New York Public Library and Mother turn Instagram into digital bookshelf

“Insta novels” function allows Alice’s Adentures in Wonderland to be read on the platform, which is combining animations with text from the entire novel.

The New York Public library has used Instagram to bring digital versions of classic books to a wider audience.

Creative consultancy Mother has helped bring the Insta Novels project to life through the social media platform’s “Stories” function, which shows images for a limited time before they disappear and the next image pops up.

Corinna Falusi, Partner and Chief Creative Officer of Mother in New York says Instagram has “unknowingly created the perfect bookshelf” for digital novels.

The first book to be brought to the platform is Lewis Carroll’s Alice’s Adventures in Wonderland, which was uploaded to the library’s Instagram (@nypl) account on 22 August. It is uploaded in two parts.

“Highlights” feature means entire book can be read

Making use of Instagram’s “Highlights” feature, the digital book will remain on the library’s page for a prolonged time and will not disappear after 24 hours as other Instagram stories do.

As more books are uploaded to the Instagram account over time, the project aims to turn the “Highlights” row into a digital bookshelf, allowing users to access books at any time.

The design of the digitised Alice Through the Looking Glass upload aims to mirror the “unique layouts” of the original book, with the addition of new stills, graphics and videos.

The text in the book is presented on a warm white background in a Georgia font. The typeface was chosen to “pay homage to the written word in both print and digital” according to the library, as it was one the first fonts used to make longer pieces of writing easier to read on digital screens.

Magoz worked on animation and illustration

New illustrations and animations have been added to the digital book, which were created by designer Magoz, who Mother say was chosen partly for their “significant presence” on Instagram. The @Magoz Instagram account has more than 57,000 followers.

The book begins with an animated graphic video which features an abstract image of Alice made up of circular blocks of colour to represent her blue dress and yellow hair.

The character, who is seen from the back, is walking in front of a swirling, psychedelic background.

Concentric circles and other shapes including hearts, diamonds and clubs zoom out towards her, giving the impression of her moving through a hole. The first page of each chapter includes a still from this animation.

Page turner function added

A stylised page turner has also been added. While reading, users can hold their thumb on the corner of their screen to hold a page and let go to turn the page.

The spot for thumbs to be placed in the bottom-right corner of the screen is marked with an image of a blue dot that transforms on each page, like a flip book. What begins as a dot morphs into a keyhole, an eye, a clock and more as the book continues.

The colour palette includes blue, red, pale yellow, light orange, red and black.

Throughout the book there are animated elements, such as when riddles appear in the text. A page pops up which tells the reader in red writing: “Animated page, lift thumb to play.”

The Metamorphosis by Kafka is next

Books the library intends to add to the platform in the near future include The Metamorphosis, a novella by Franz Kafka illustrated by César Pelizer (@cesarpelizer).

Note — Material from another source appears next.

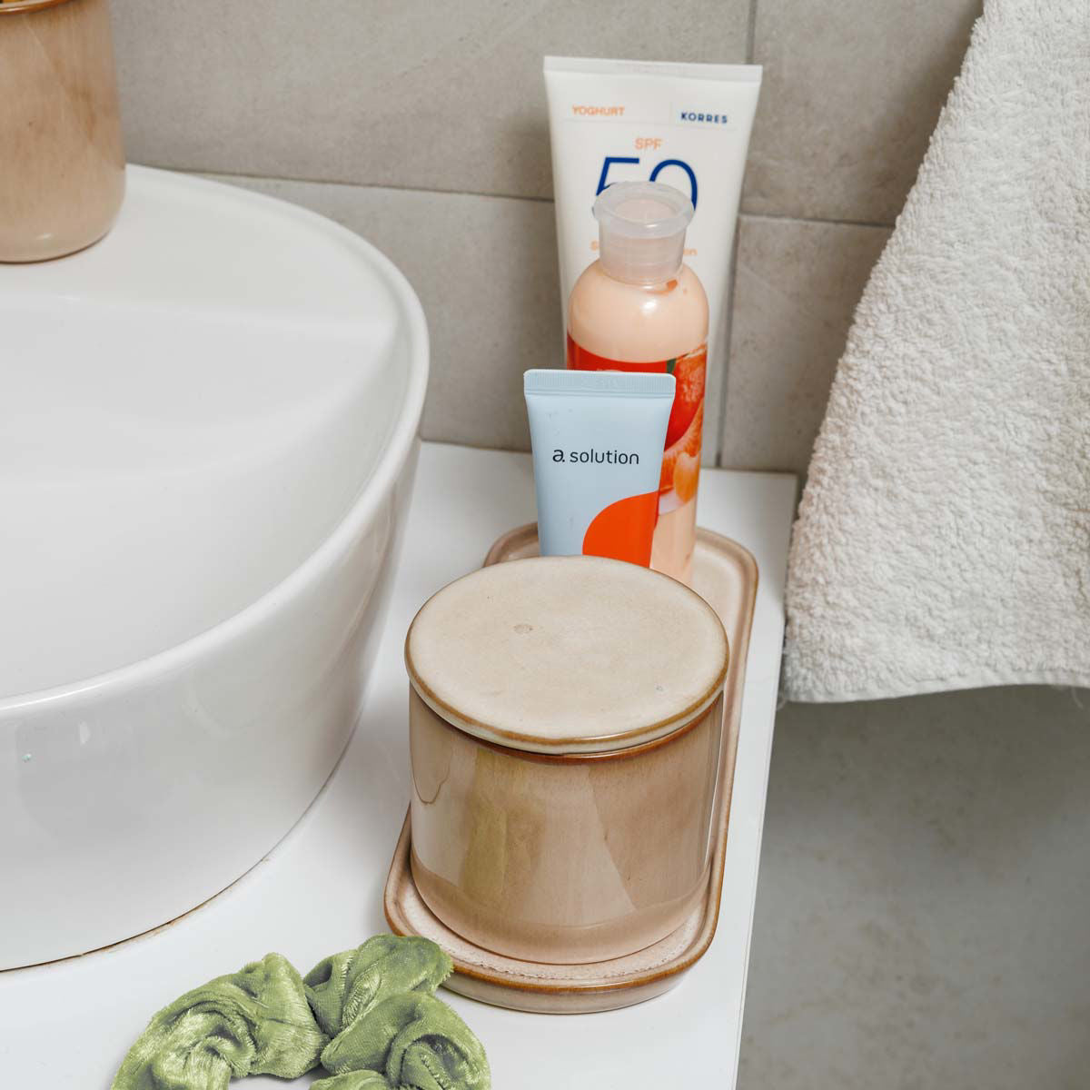 Δίσκος οργάνωσης Estia από τη συλλογή Satin, κατασκευασμένος από ανθεκτικό κεραμικό σε μπεζ χρώμα. Η λεία, ελαφρώς γυαλιστερή επιφάνειά του προσφέρει μια κομψή εμφάνιση, κατάλληλη για το μπάνιο σας ώστε να φαίνεται πάντα καθαρό και προσεγμένο. Ιδανικός για να τοποθετείτε σαπούνια, καλλυντικά ή μικροαντικείμενα, διατηρώντας τον χώρο σας τακτοποιημένο και οργανωμένο.

This was a fitting book choice, according to the library, as the project was “completely transforming” the way people looked at Instagram.

The Yellow Wallpaper, a short story by Charlotte Perkins Gilman illustrated by Buck (@buck_design) will also be uploaded soon.

Commenting on why the social media platform was a good fit for eBooks, Falusi, says: “From the way you turn the pages, to where you rest your thumb while reading, the experience is already unmistakably like reading a paperback novel.”

She adds that it is important promote reading “especially with today’s threats to American system of education.”

The project is in line with NYPL’s aims to “make the world’s knowledge accessible to all”, according to the library.